The invention provides a water quality prediction method, which utilizes a regression type SVR algorithm to predict dissolved oxygen in water, optimizes parameters C and g in the SVR by an artificial immune algorithm AIA to reduce subjective influence of human factors and improve universality and performance of the SVR, carries out correlation calculation on the output of a SVR model and various water quality parameters, and selects the water quality parameters with higher correlation coefficients as the input of the model so as to improve the accuracy of the algorithm; the predicted value of the invention is closer to the true value, and the performance is more excellent. The improved algorithm can be used for early prediction of dissolved oxygen.

Description

Water quality prediction method

Technical Field

The invention relates to the technical field of water quality detection, in particular to a water quality prediction method.

Background

Lake water quality affects the water safety of its surrounding organisms including human beings, and in order to make precautionary measures in advance, prediction of water quality is required. Traditional predictive algorithms have difficulty forming efficient nonlinear systems due to the complexity of the water quality system.

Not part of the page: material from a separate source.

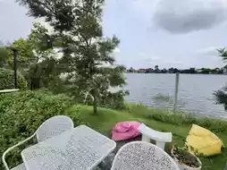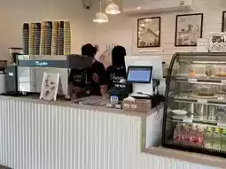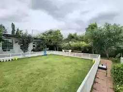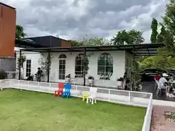 A small café in Sammakorn Village where you can bring your pets. There is a yard for dogs to run and play. They offer a full range of food, drinks, and delicious cakes at affordable prices. There is an air-conditioned area and a riverside zone where you can sit comfortably in the evening. We ordered cocoa and spaghetti, both tasted great. The kids at home liked it. The staff provided good service with smiles. The café is a bit deep inside the alley from the village. There is parking for about 4-5 cars, and you can also park along the street.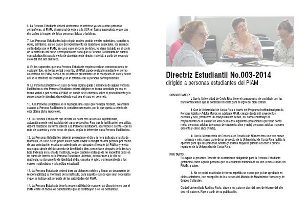 6. La Persona Estudiante deberá abstenerse de referirse ya sea a otras personas compañeras, al PIAM, al personal de éste y a la UCR en forma inapropiada o que con ello dañen la imagen de éstas personas físicas o jurídicas.

At present, the existing technology comprises the steps of forecasting water quality by using a gray neural network, and correcting error residual values through Markov, wherein the numerical value can be corrected by the method so as to be relatively easy to approach to a real numerical value; the grey neural network and the artificial neural network are combined, and the algorithm is used for predicting the water quality; the time sequence is optimized through a subdivision extrapolation limit method and a multi-reference weighted fuzzy prediction method, and the detection result shows that the time sequence prediction designed by the subdivision extrapolation limit method can obtain a good detection conclusion.

Disclosure of Invention

The invention provides a water quality prediction method, wherein the predicted value is closer to the true value, and the performance is more excellent. The improved algorithm can be used for early prediction of dissolved oxygen.

The invention adopts the following technical scheme.

A water quality prediction method utilizes a regression type SVR algorithm to predict dissolved oxygen in water, optimizes parameters C and g in the SVR by an artificial immune algorithm AIA to reduce subjective influence of human factors and improve universality and performance of the SVR, and carries out correlation calculation on output of a SVR model and various water quality parameters to select water quality parameters with higher correlation coefficients as input of the model so as to improve accuracy of the algorithm.

The method comprises the following steps;

step S1, selecting water quality data with higher correlation coefficient with dissolved oxygen as an input node of an algorithm, wherein the water quality data comprises water temperature, conductivity, total phosphorus and chemical oxygen demand, and the dissolved oxygen is an output node of the algorithm; normalizing the water quality historical data to obtain a test set and a training set;

s2, constructing an SVR water quality prediction model, and taking an antibody generated by an artificial immune algorithm as a parameter c and a parameter g in a regression type support vector machine SVR model;

s3, bringing the data of the training set obtained in the step S1 into a model, and comparing and analyzing the prediction accuracy of the SVR model on the dissolved oxygen under the action of different parameters c and parameters g;

s4, taking the prediction accuracy generated by SVR as an affinity function of an artificial immunity algorithm, and keeping parameters with high propagation probability as memory cells;

s5, in order to avoid the algorithm to fall into a local optimal solution, carrying out random variation on the antibody with low affinity in the memory cells, and finally forming a new parent group;

s6, re-screening the parent group newly generated by the artificial immune algorithm by applying the step c until iteration is finished;

and S7, obtaining the parameter c and the parameter g which are the optimal values after iteration is finished, namely an optimal algorithm model, and taking the data of the test set into the model to obtain the predicted value of the dissolved oxygen.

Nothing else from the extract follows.